Raphael Hartkopf

Personal information
- Born: 24 November 1998 (age 27) Germany

Sport
- Sport: Field hockey
- Position: Forward
- Club: Mannheimer HC

National team
- Years: Team / Caps / Goals
- 2017–2019: Germany U–21 / 30 / (24)
- 2021–: Germany / 6 / (0)

Medal record
Men's field hockey
Representing Germany
EuroHockey Championships
| Gold medal – first place | 2025 Mönchengladbach |  |
EuroHockey Junior Championship
| Gold medal – first place | 2019 Valencia |  |
| Bronze medal – third place | 2017 Valencia |  |

= Raphael Hartkopf =

German field hockey player (born 1998)

Rapael Hartkopf (born 24 November 1998) is a German field hockey player.

==Career==
===Club level===
In club competition, Hartkopf plays for Mannheimer in the German Bundesliga.

===Junior national team===
Raphael Hartkopf made his debut for the German U–21 team in 2017. His first appearance was during a test series against England in Neustadt. Later that year he went on to win a bronze medal with the team at the EuroHockey Junior Championship in Valencia.
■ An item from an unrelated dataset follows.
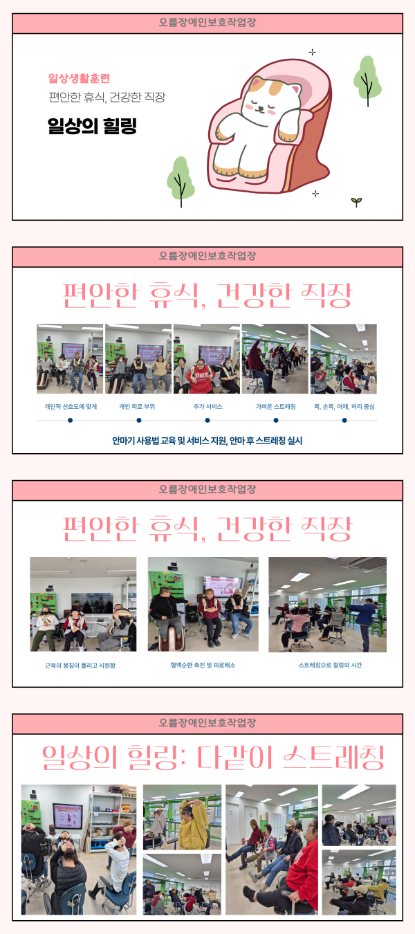 오름장애인보호작업장에서는 근로인들의 신체적·정신적 피로와 스트레스를 효과적으로 완화하고,
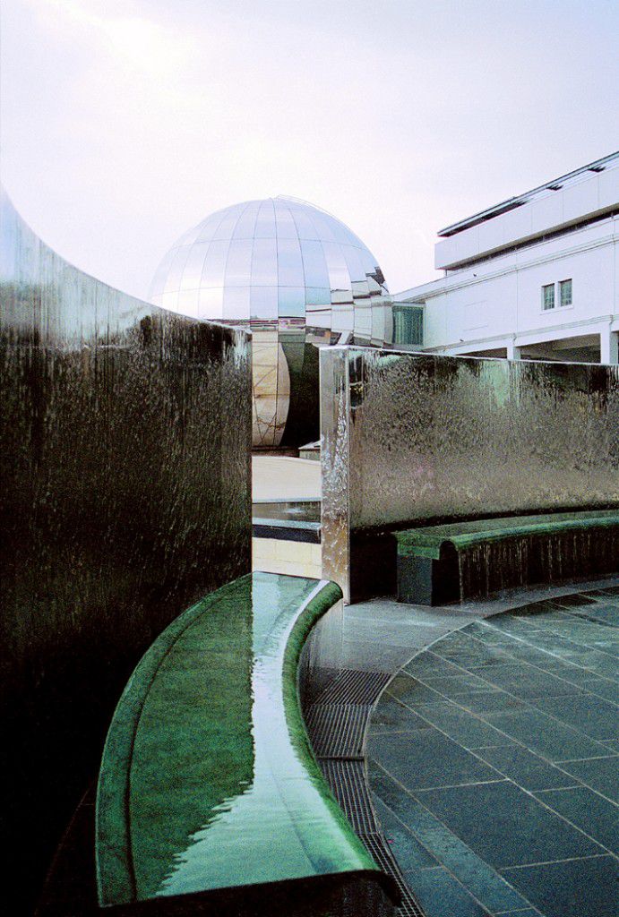 Canyon at the south end of the square forms a counterbalance for the water wall at the other end. Water flows in roll-wave patterns over two prism-shaped monoliths of mirror-polished stainless steel. Pye has positioned these face to face, creating a narrow canyon which people can just move through without being drenched.

His final year with the team was 2019. He made multiple appearances throughout the year, competing in numerous test matches and at an eight-nations tournament in Madrid. He finished his junior career on a high, winning gold at the EuroHockey Junior Championship in Valencia.

===Die Honamas===
Hartkopf made his debut for Die Honamas in 2021, during season two of the FIH Pro League.

Following the retirements of senior players following the 2020 Summer Olympics, Hartkopf was officially added to the national squad.